I like Kevin Smith a lot, so any comments I make here should be taken with that in mind. He's a good storyteller, he makes me laugh and he has a relationship with his audience that most writers can only look upon with sick envy. He also seems to be a reasonably straight-up and decent person, which is a miracle in a Hollywood director.
Having said that, I have no great appetite for reading about the lives of celebrities. 'My Boring-Ass Life' is nothing more than the print version of Smith's blog, which blog is basically a bare chronicle of his life. Since his life appears to consist mostly of letting out dogs, looking at the internet, having sex with his wife, watching TV, eating and driving around, it really is pretty boring-ass. There's not a lot here in the way of Bressonian reflections on the nature of cinema, or erudite, Paul-Schraderesque analysis of masterpieces of world cinema, or even anything as outright haunted and manic as Steven Soderbergh's very funny and absurdist 'Getting Away With It'. As books by directors go, this is easily the most boring I have ever read, or rather dipped into.

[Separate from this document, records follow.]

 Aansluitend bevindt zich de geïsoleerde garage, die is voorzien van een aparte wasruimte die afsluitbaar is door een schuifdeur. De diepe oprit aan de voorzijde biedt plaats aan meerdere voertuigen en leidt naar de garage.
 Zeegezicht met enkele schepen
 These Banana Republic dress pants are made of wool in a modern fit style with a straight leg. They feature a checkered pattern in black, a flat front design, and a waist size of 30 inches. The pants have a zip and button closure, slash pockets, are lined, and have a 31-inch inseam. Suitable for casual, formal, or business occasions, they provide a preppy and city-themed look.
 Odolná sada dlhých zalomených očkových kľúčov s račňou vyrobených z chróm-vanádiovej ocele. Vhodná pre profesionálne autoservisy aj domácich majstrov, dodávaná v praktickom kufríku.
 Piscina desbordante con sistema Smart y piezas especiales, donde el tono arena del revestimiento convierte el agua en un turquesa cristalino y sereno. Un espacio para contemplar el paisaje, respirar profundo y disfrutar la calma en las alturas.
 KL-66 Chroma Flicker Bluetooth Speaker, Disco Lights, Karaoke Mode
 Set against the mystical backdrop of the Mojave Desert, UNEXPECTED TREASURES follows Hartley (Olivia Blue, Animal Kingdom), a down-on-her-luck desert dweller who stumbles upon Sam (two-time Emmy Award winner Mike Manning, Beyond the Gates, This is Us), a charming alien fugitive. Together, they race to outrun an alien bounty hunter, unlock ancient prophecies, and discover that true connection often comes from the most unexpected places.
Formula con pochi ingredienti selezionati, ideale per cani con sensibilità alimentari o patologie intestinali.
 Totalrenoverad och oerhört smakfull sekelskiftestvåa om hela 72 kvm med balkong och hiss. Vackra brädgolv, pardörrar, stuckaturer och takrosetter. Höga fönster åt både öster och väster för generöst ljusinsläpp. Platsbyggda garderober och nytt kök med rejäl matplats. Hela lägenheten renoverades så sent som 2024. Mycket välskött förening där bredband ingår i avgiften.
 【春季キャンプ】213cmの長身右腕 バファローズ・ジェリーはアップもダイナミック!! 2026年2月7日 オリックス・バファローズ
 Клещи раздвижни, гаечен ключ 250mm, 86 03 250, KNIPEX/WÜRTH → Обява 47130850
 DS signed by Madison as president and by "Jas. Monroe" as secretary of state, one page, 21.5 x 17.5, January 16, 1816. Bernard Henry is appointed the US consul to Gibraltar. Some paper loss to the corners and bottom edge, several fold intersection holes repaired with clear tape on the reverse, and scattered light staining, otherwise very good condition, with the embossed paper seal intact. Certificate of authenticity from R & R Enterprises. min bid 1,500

And yet. The middle of the book is taken up by 'Me and My Shadow', the story of how Smith's friend and (sort of) protégé Jason Mewes became a heroin addict, and how he ultimately kicked the habit, and it's riveting stuff. You wonder why it hasn't become a movie; but maybe Smith doesn't want to tell a story that cuts so close to the bone, despite the happy ending (Mewes has apparently been clean for a couple of years now.)
So, it's worth it for the Mewes bit. But otherwise, the only time I have found appropriate to read this book is at 6.50am when I'm feeding my infant daughter; half-asleep seems to be the right frame of my mind to absorb something so undemanding and forgettable as Kevin Smith's diary.